Александр Шкотт был человек «дивных способностей» – веселый, бодрый, неутомимый. За словом в карман не лез и никого не боялся. Обидчика запросто мог вызвать на дуэль, а то и прибить»{98}. Выйдя в отставку, он вслед за отцом служил управляющим у графа Льва Александровича Перовского и Нарышкиных и прослыл «практиком», хитрым, предприимчивым, но совершенно порядочным. Русские помещики часто приглашали в управляющие иностранцев – возможно, в надежде, что те лишены известных русских пороков, склонности к воровству и веры в «авось». О том, что случалось порой с такими не в меру ревностными управляющими «из немцев», свидетельствуют и сам Лесков в рассказе «Язвительный», и Некрасов в поэме «Кому на Руси жить хорошо», а также многочисленные документы о крестьянских бунтах.

Но Александр Яковлевич вел дело с умом, и во вверенных ему имениях не бунтовали.

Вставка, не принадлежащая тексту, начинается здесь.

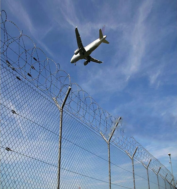 機(jī)場(chǎng)隔離網(wǎng)也稱為機(jī)場(chǎng)護(hù)欄網(wǎng),機(jī)場(chǎng)圍界和機(jī)場(chǎng)防護(hù)網(wǎng) 它們是保護(hù)機(jī)場(chǎng)邊界,防止損壞機(jī)場(chǎng)設(shè)施,機(jī)場(chǎng)安全和使飛行更順暢的重要設(shè)施它由V形支撐柱,加固的焊接薄板網(wǎng),安全防盜連接器和熱浸鍍鋅刀片倒鉤籠組成。 它具有很高的強(qiáng)度和安全防御能力。 近年來,這種形式的防護(hù)網(wǎng)已廣泛用于機(jī)場(chǎng),軍事基地和其他高安全性場(chǎng)所。 機(jī)場(chǎng)隔離網(wǎng)頂部增加了刀片鐵絲網(wǎng)和刀片鐵絲網(wǎng),以增強(qiáng)防護(hù)性能。

Получал он около сорока тысяч рублей в год – сумму баснословную: годовое жалованье русского управляющего составляло от 600 до 1800 рублей. Многое у него отлично складывалось, потому что он неплохо изучил русских, понял и почти полюбил.

 

Он придумал даже, как лечить баб-кликуш, которые бились в жутких припадках, валились на землю, очень некстати выли и были неспособны к работе. Подобрав в книге богослова Фомы Кемпийского места позагадочнее, Шкотт торжественно зачитывал их вслух, а потом молился вместе с больной. Когда та была уже в должной мере умягчена и утешена, Александр Яковлевич сливал в один стакан заранее приготовленные соду и лимонную кислоту. Смесь шипела и пенилась. «Бес шумит и улетает!» – радовалась кликуша и исцелялась полностью{99}. Отбоя от несчастных баб не было. Исцелились бы еще многие, если бы не болтливый фельдшер. Он раскрыл крестьянам секрет чудесного порошка, после чего тот сейчас же перестал действовать.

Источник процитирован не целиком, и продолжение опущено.